É maior do que se admite a insatisfação do PMDB com o tratamento recebido pelo partido da presidente Dilma. Diz-se: é tudo para o PT. O vice-presidente Michel Temer recebe atenção, pompa e circunstância, mas sua influência, a não ser em questões jurídicas, é relativa. As "adoradas" e esperadas nomeações só saem a fórceps. Vê-se em manobras como o nascimento do PSD uma tentativa de enfraquecer o partido de Sarney e cia. na aliança governista. Até a turma peemedebista do Senado, sempre mais atendida, está infeliz. Contabiliza-se até a falta de atenção aos ministros da legenda. Segundo levantamento de "O Globo", dos seis ministros que ainda não foram recebidos uma única vez pela presidente, quatro são do PMDB. Entre eles o ministro de uma pasta estratégica - Wagner Rossi, da Agricultura.

Relações delicadíssimas

Os tucanos armaram seu primeiro divã sábado em Minas Gerais para buscar seus novos rumos, numa reunião que contou com seus oito vistosos governadores.
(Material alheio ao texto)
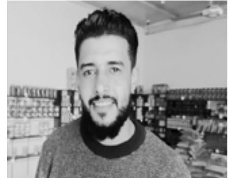
كانوا يتكلمون بأسعار السلع بحجة ارتفاع سعر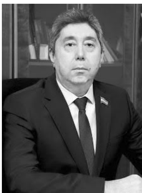
Улуғбек ВАФАЕВ, Олий Мажлис Қонунчилик палатаси депутаты, ЎзХДП фракцияси аъзоси:

— Шанхай ҳамкорлик ташкилотига аъзо давлатлар жойлашган минтақа буюк иқтисодий ҳамда маънавий-маданий бойлик маконидир. Мазкур макон минг йиллар мобайнида бутун дунёнинг иқтисодий ривожланишига таъсир кўрсатган ҳамда илмий, фалсафий, маънавий ва маданий тараққиёти учун илҳом берган.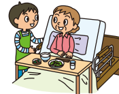
有料老人ホーム・ 高齢者住宅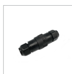
Connettore rapido IP 3 poli LKITA00000000003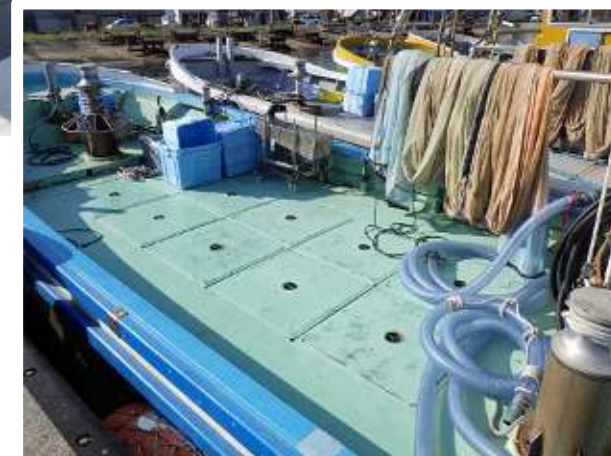
段差の少ない甲板の例

転倒は漁船上でもっとも頻繁に起こる労働災害のひとつです。 しっかり対策をして転倒災害を未然に防ぎましょう。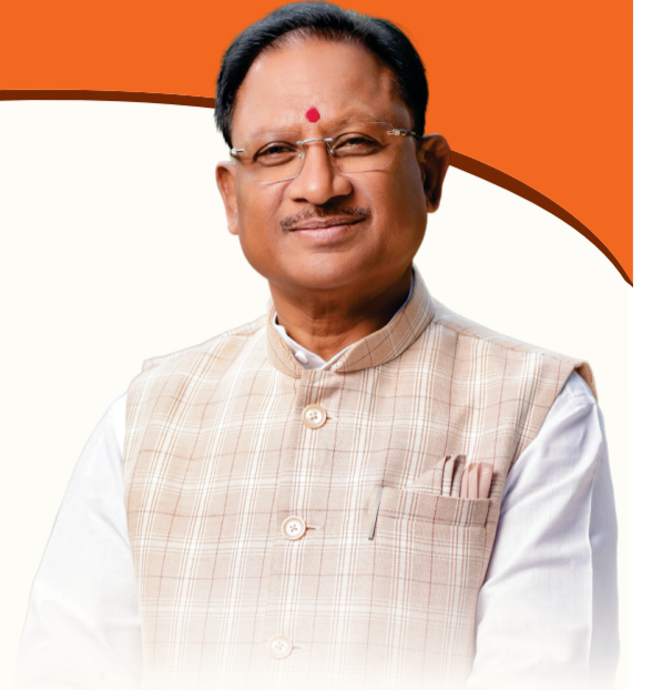
श्री विष्णु देव साय मुख्यमंत्री, छत्तीसगढ़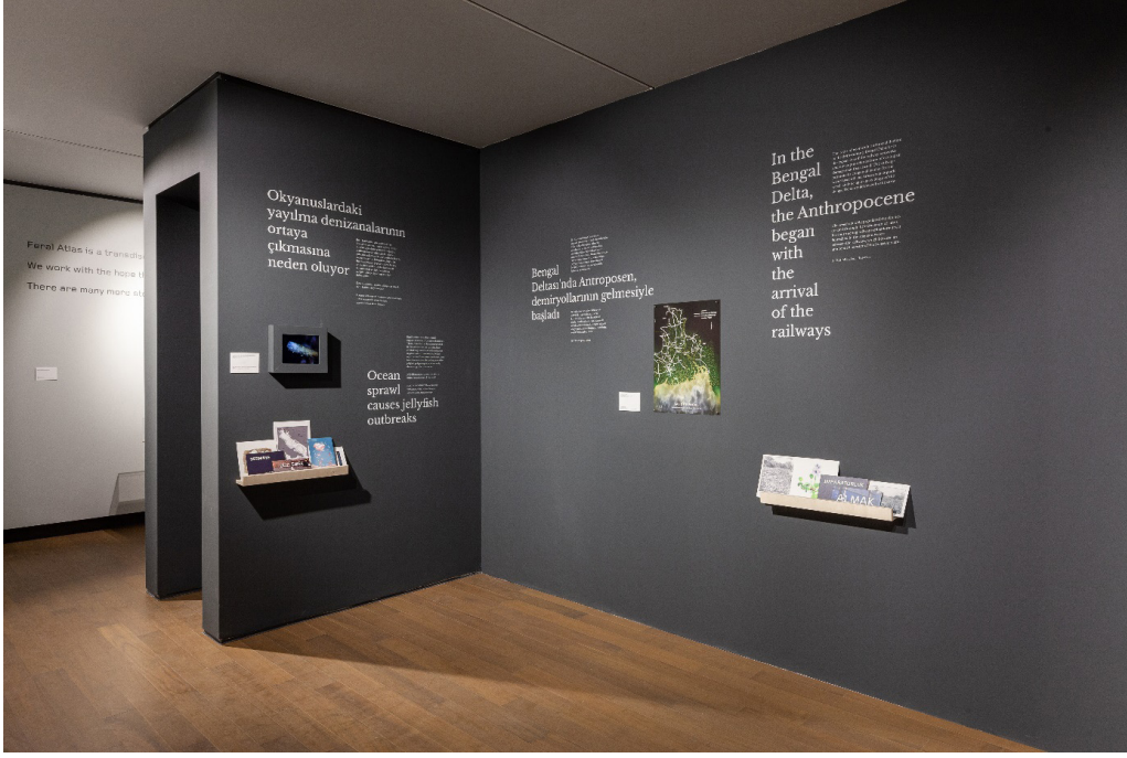
Görsel 3. Feral Atlas Collective, 2019.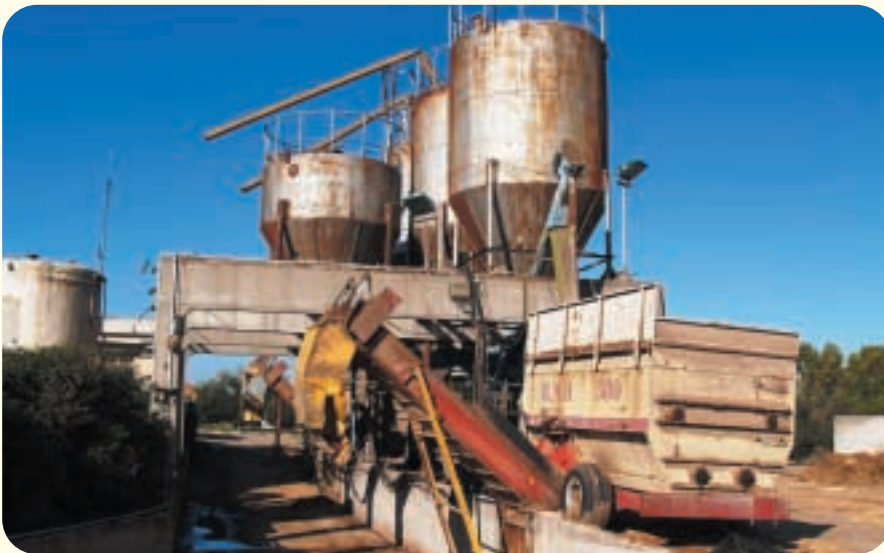
המרכז משרת בעיקר את רפתני המושב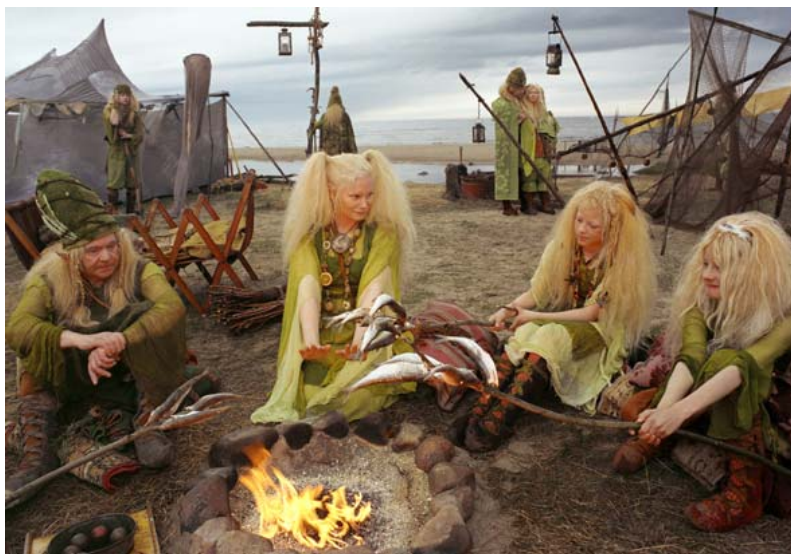
Kuva 11. Menninkäiset on häädetty omasta kylästään ja viettävät aikaa meren rannalla.

Milli Menninkäisen koti on sisustettu täyteläiseksi. (Kuva 12.) Tuvasta löytyy vain värejä, joita luonnosta löytyy. Päävärinä kuitenkin menninkäisille ominainen vihreä väri. Muutamia kirkkaita värejä on laitettu tuomaan eloisuutta muuten niin hämärään tupaan. Kattossa roikkuu kasveja muun muassa suuri keltainen auringonkukka, joka tuo keltaisuudellaan lämpöä sisälle mökkiin.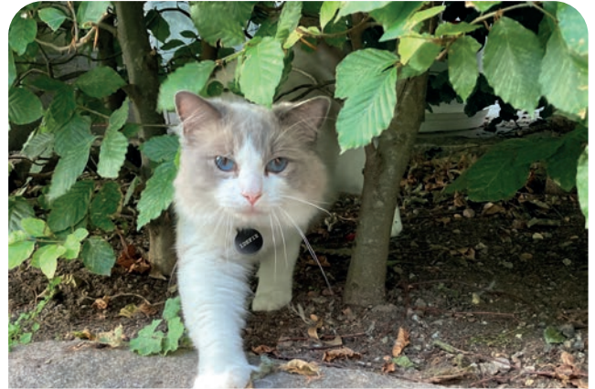
Katten Idefix är en typisk ragdoll och håller sig nära familjen och hemmet. Han går gärna ut på innergården mitt i stan utan att smita iväg.

– När han biter på sladden till min Ipad. Eller slickar på min hand när jag sover. Men mamma brukar stänga dörren till mitt sovrum. ■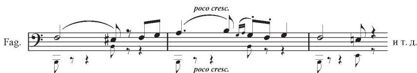
Ил. 4. Н. А. Римский-Корсаков. «Антар». III часть. Вставка В. И. Сафонова

Далее у фаготов (ц. 42, т. 6–8) дописан пропущенный фрагмент партии 2-го инструмента с динамическими указаниями: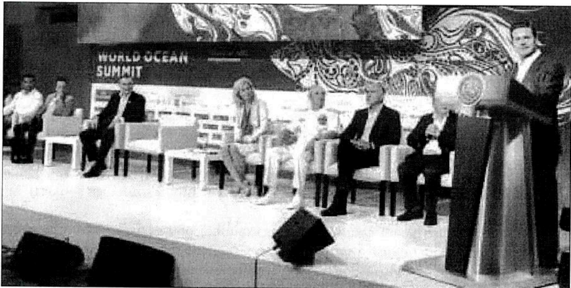
Enrique Peña Nieto encabezó en la Riviera Maya la inauguración de la Cumbre Mundial del Océano 2018.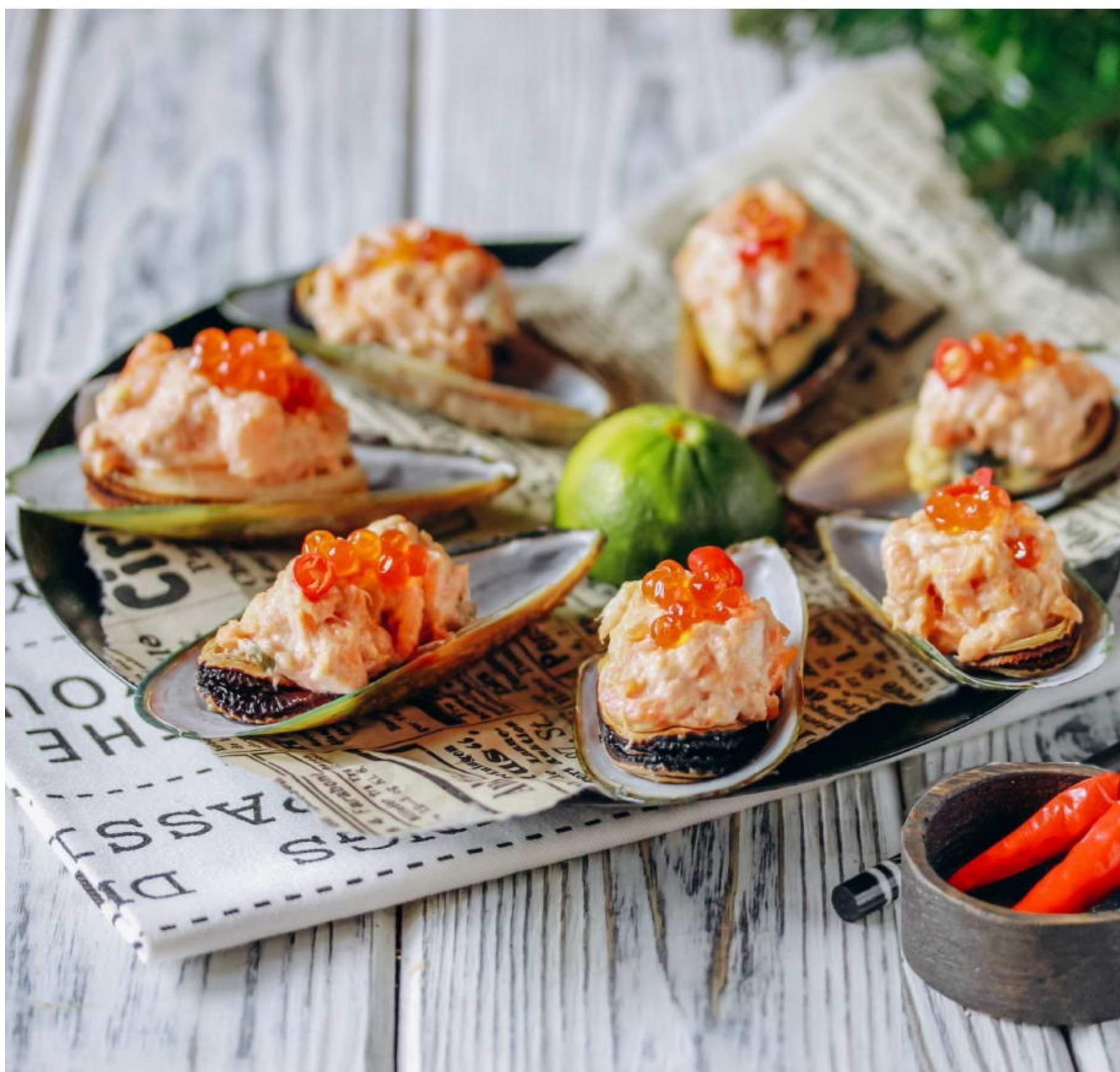
МИДИИ ЗАПЕЧЕННЫЕ ПОД СЫРНЫМ СОУСОМ - 350гр - 750руб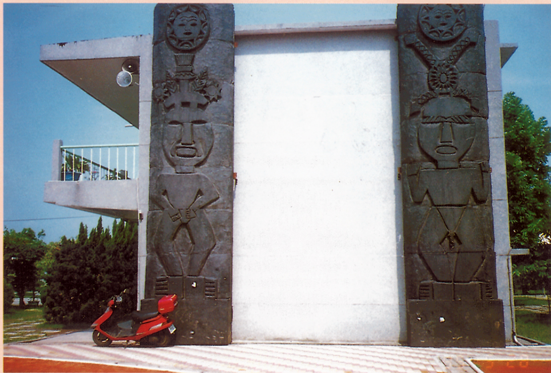
圖三十 來義國中的學生雕刻作品之二。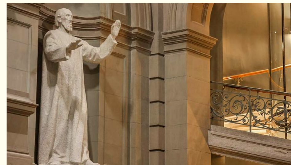
Niklaus von Flüe im Bundeshaus Bern

Nach Fribourg (2023), Solothurn (2024) und Luzern (2025) lädt der Förderverein 2026 zu einer Spurensuche in der Bundeshauptstadt ein. Gemäss Historiker Josef Lang war Niklaus von Flüe mit keinem anderen eidgenössischen Ort so eng verbunden wie mit Bern. Eine besonders starke Beziehung pflegte der Ranfteremit zu Ritter Adrian von Bubenberg, der ihn 1469 bei der Untersuchung des Totalfastens durch den Konstanzer Weihbischof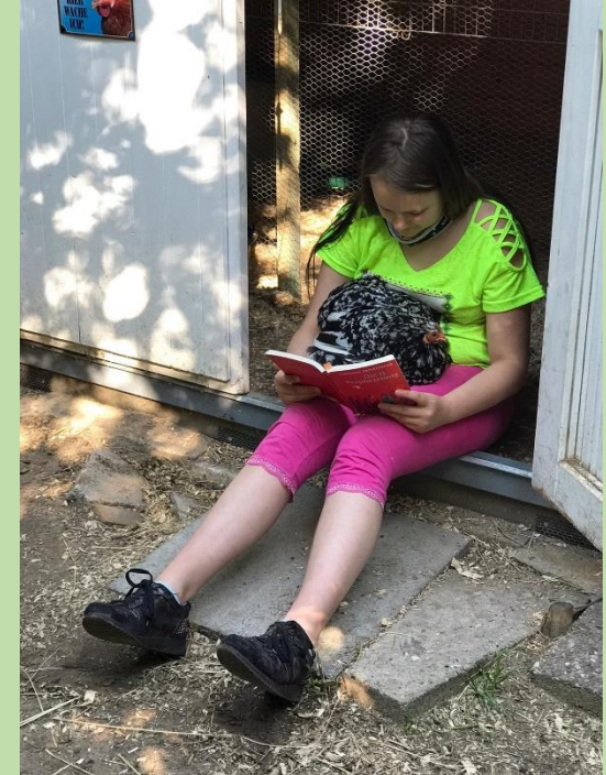
... ein Buch über Hühnerhaltung wird studiert ...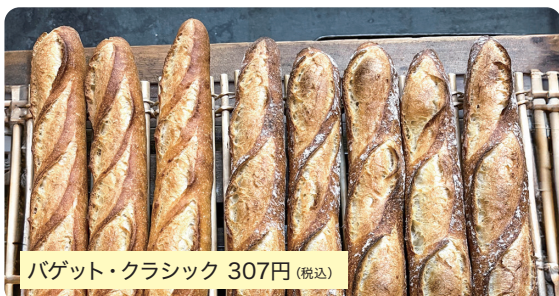
バゲット・クラシック 307円 (税込)

バゲット (フランスパン) はヨーロッパでは日本のご飯と同じく食卓に欠かせないものです。当店のバゲットは粉の旨味や甘味を最大限味わってもらえるようシンプルなお配合で仕上げています。※平日2回焼成(朝・昼)、土・日・祝3回焼成(朝・昼・夕方)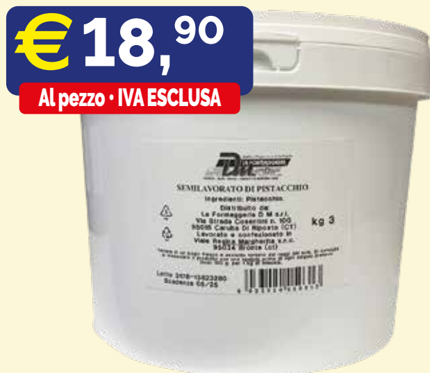
PASTA DI PISTACCHIO NATURALE 100% PURO "LA FORMAGGERIA DM" Secchio kg.3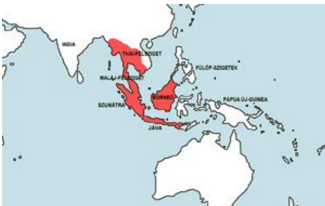
Osteochilus vittatus – Hasselt-Márna elterjedési területe (Map)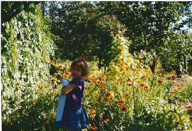
Emese kerti virágok közt

kereket. Nemes facsemetéket hozattam neves kertészetekből. Nemsokára termőre váltak a bokrok és fák, utána sok örömet leltünk a saját termésű gyümölcsökben. A kert tavasztól késő őszig ellátta családunkat mindenféle gyümölccsel.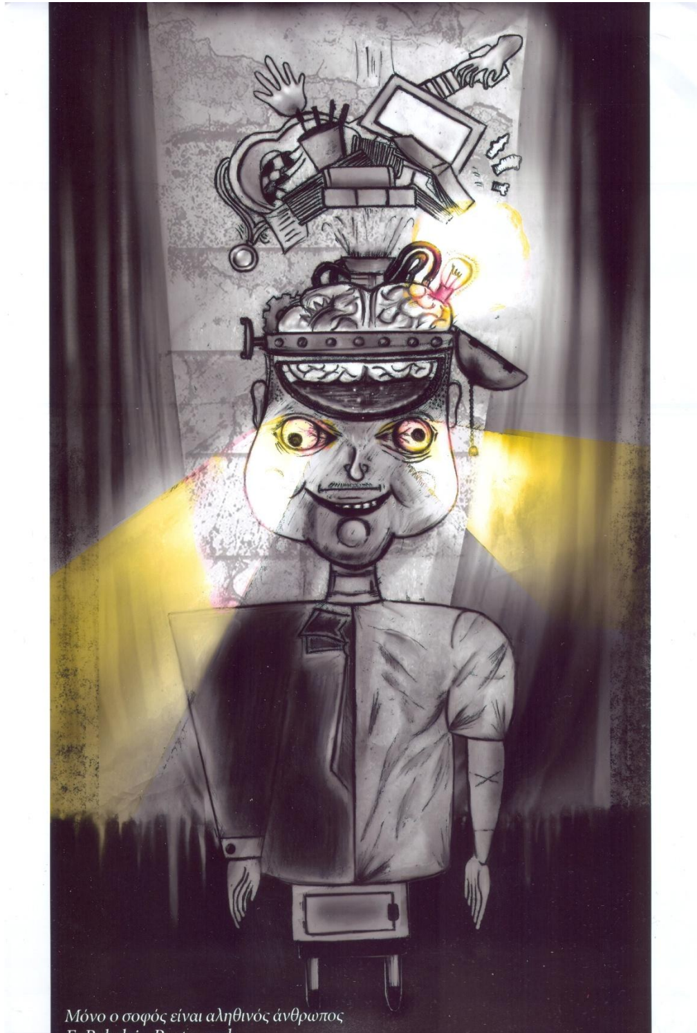
Σωτήρης Παυλίδης, 2 ο ΓΕ.Λ. Αγίου Αθανασίου (Νέας Μεσημβρίας)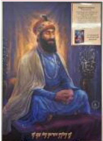
THE ASIAN INDEPENDENT UK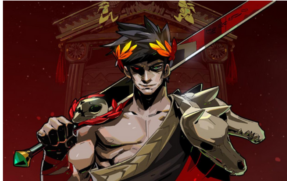
Illustration de jeu Hades SuperGiant Games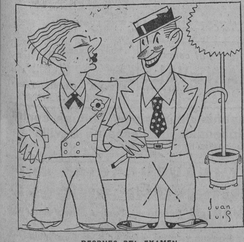
DESPUES DEL EXAMEN —Te dije que no pasaras oída do; que si aprobabas en las oposiciones, te enviaría un regalo! Segu ramente dinero, porque decía que iba a girar mucho... —Pues me ha enviado un trompo!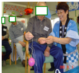
ヨ-ヨ-たくさん釣れたかな..?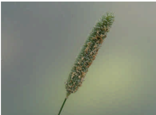
オオアワガエリ 直立する大きい花茎に淡緑色の小穂を密集してつける。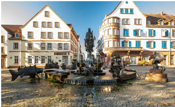
Kaiserbrunnen in Kaiserslautern (Harald Kröher, 2018)

Dana Taylor am 02.06.2020 um 08:52:18Uhr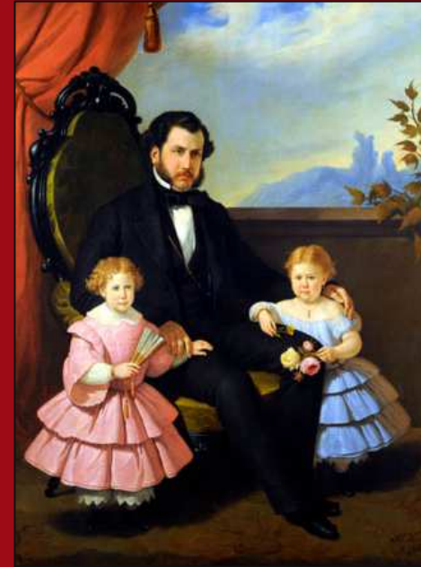
85. Retrato de caballero y niñas. Óleo. c.1858. MNBA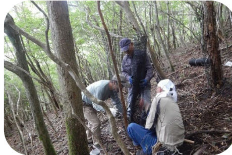
2、3人で1組になります。薄暗い森林内で作業したので、「ネットが見えん〜」という悲鳴も。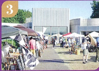
3 マルシェで賑わいを楽しむ。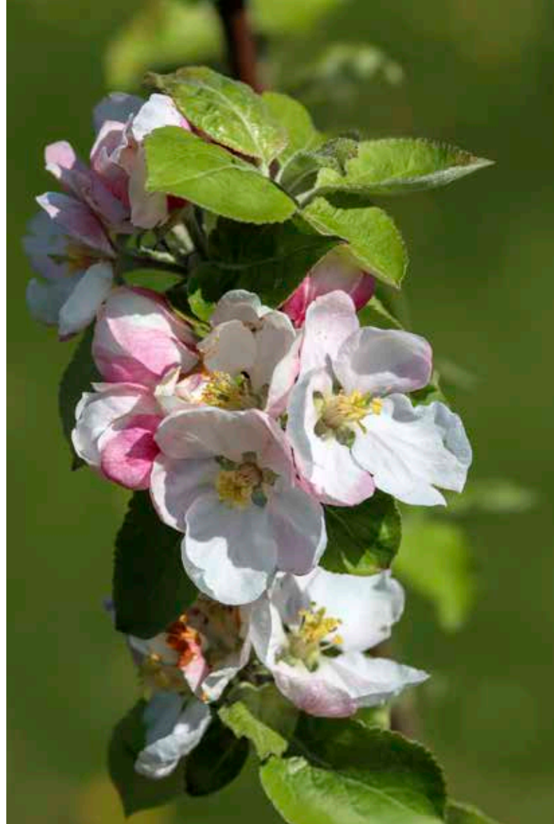
Tåsinge har et mildt kystklima, der gør den ideel til frugtavl. Vandet omkring øen holder på varmen, så der kun sjældent kommer så streng nattefrost, at det ødelægger blomstringen og frugtsætningen.

Derefter skulle havens design planlægges, Svendborg Kommune skulle godkende en lokalplan for den kommende besøghave, marken skulle omlægges til en økologisk drevet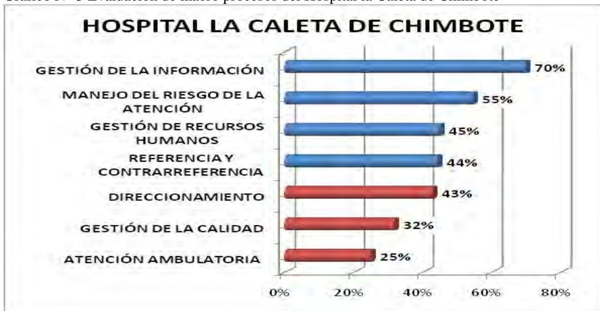
Grafico N° 3 Evaluación de macro procesos del Hospital la Caleta de Chimbote

El macro proceso que peor resultado ha presentado este Hospital es el de atención ambulatoria alcanzando apenas un 25% del promedio esperado, donde evidencia la presencia de guías de práctica clínica pero que no está garantizada su aplicación en la práctica médica diaria. Adicionalmente no se encuentran flujo gramas de atención ni se garantiza un espacio para la queja y sugerencia.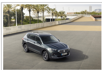
Seat Tarraco Xperience.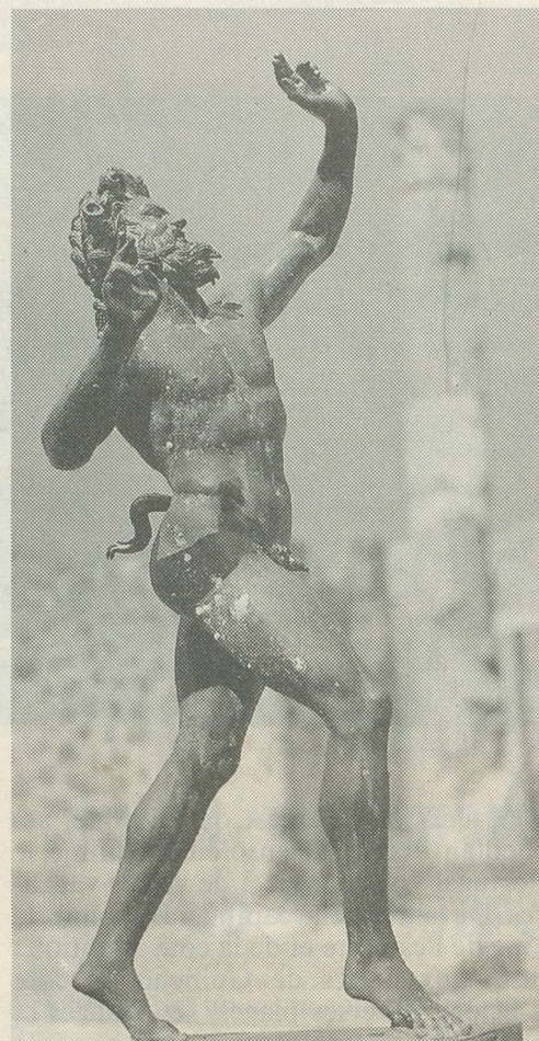
Des vestiges de la civilisation d'antan ont été découverts...

Thermalp les Bains d'Ovronnaz 1911 Ovronnaz Tél. (027) 86 67 67

E decidiu não decidir nada: estuda a formação de um conselho superior, provavelmente a ser comandado pelo ex-presidente FHC, para encontrar um rumo para a legenda. No vai da valsa que o PSDB costuma dançar é de se perguntar se terão algum sentido até as eleições de 2012 - ou até de 2014. Enquanto a "comunidade" não se decide, as figuras mais emplumadas vão se definindo. Aécio Neves surpreendeu com um contundente discurso de crítica do governo Dilma, depois de ter passado toda a campanha eleitoral e os primeiros 100 dias da presidente bem ao seu estilo "mineiro". E José Serra, como não quer nada, vai criando possíveis rotas de fuga. O PSD de seu fiel parceiro Gilberto Kassab vai nascendo para a irritação tucana, menos a dele. Seu vice na disputa com Dilma já foi para a nova legenda. Até Dilma, segundo indiscretas revelações de uma conversa reservada dela com o presidente de Portugal Cavaco Silva, sente falta de uma oposição, para deixá-la menos vulnerável ao apetite de insaciáveis parceiros. Só a oposição, parece, não sentir falta de uma oposição no país.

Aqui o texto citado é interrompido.